Thursday, October 16, 2008

The Ellensburg sky for the week of 10/18/08

Saturday: “It’s a wonderful day in the neighborhood.” Constellations can be considered neighborhoods in the nighttime sky. But, the stars in those constellations are not necessarily neighbors in real life. For example, the bright stars in the constellation Cassiopeia range from 19 to over 10,000 light years away from Earth. One constellation that consists of real neighbors is Ursa Major. Or, more specifically, the Big Dipper. Five stars in the Big Dipper are all moving in the same direction in space, are about the same age and are all about 80 light years from Earth. “Please won’t you be my neighbor?” Skat, the third brightest star in the constellation Aquarius is a neighbor to these five Big Dipper stars, all of which are about 30 light years from each other. They are thought to have originated in the same nebula about 500 million years ago. Just like human children do, these child stars are slowly moving away from home. Skat is about three fists held upright and at arm’s length above due south at 10 p.m. The much brighter Fomalhaut is a fist and a half below Skat. And, it’s not fun being below Skat.

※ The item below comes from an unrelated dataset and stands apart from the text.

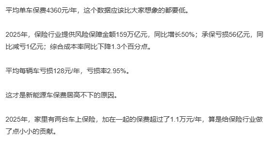 如果在2026年续保的时候,你会发现电动汽车的保费其实已经有了一定程度的下降。这主要是因为新能源汽车商业保险承保的规模大幅度提升,并且盈利信号已经凸显。

Sunday: Don’t look up at 10 p.m. tonight. There is a lizard overhead. You looked up, didn’t you? Lacerta the lizard is a small constellation located between the much more prominent constellations Cassiopeia and Cygnus. It is straight overhead at 10 p.m. tonight.

Monday: The Orionid meteor shower consists of the earth colliding with pieces of the remains of Halley's Comet's tail. This shower peaks this tonight into early tomorrow morning. This is not a meteor shower that results in a meteor storm. There will be about 15-20 meteors per hour, many more meteors than are visible on a typical night. The chance of seeing meteors this year is less than usual because the last quarter moon will be in the sky during the peak viewing times. Meteor showers are named after the constellation from which the meteors appear to originate. These meteors appear to come from a point in Orion, the hunter. This point is about three fists above the southeast horizon at 1 a.m. tonight. You can follow this point throughout the night as it will remain one fist above the prominent reddish star Betelgeuse (pronounced Bet'-el-jews). The Orionid meteors are fast - up to 40 miles per second. If you fall asleep tonight, you can catch the tail end of the shower every night until early November.

Tuesday: Buzzz. Tonight’s last quarter moon is in the constellation Cancer near the near Beehive Cluster.

Wednesday: Hit the road Mercury. And don’t you come back no more, no more. For a few weeks, Mercury has been hitting the road and moving away from the Sun in the sky. This morning, Mercury is as far away from the Sun as it will get this cycle. This is known as its greatest western elongation. Mercury is about a half a fist above the east horizon at 6:30 a.m. Over the next few weeks, Mercury will move toward the Sun in the sky.

Thursday: Jupiter is one fist above the southwest horizon at 9 p.m.

Friday: Saturn is two and a half fists above the east-southeast horizon at 6:30 a.m.

The positional information in this column about stars and any planet except Mercury is accurate for the entire week.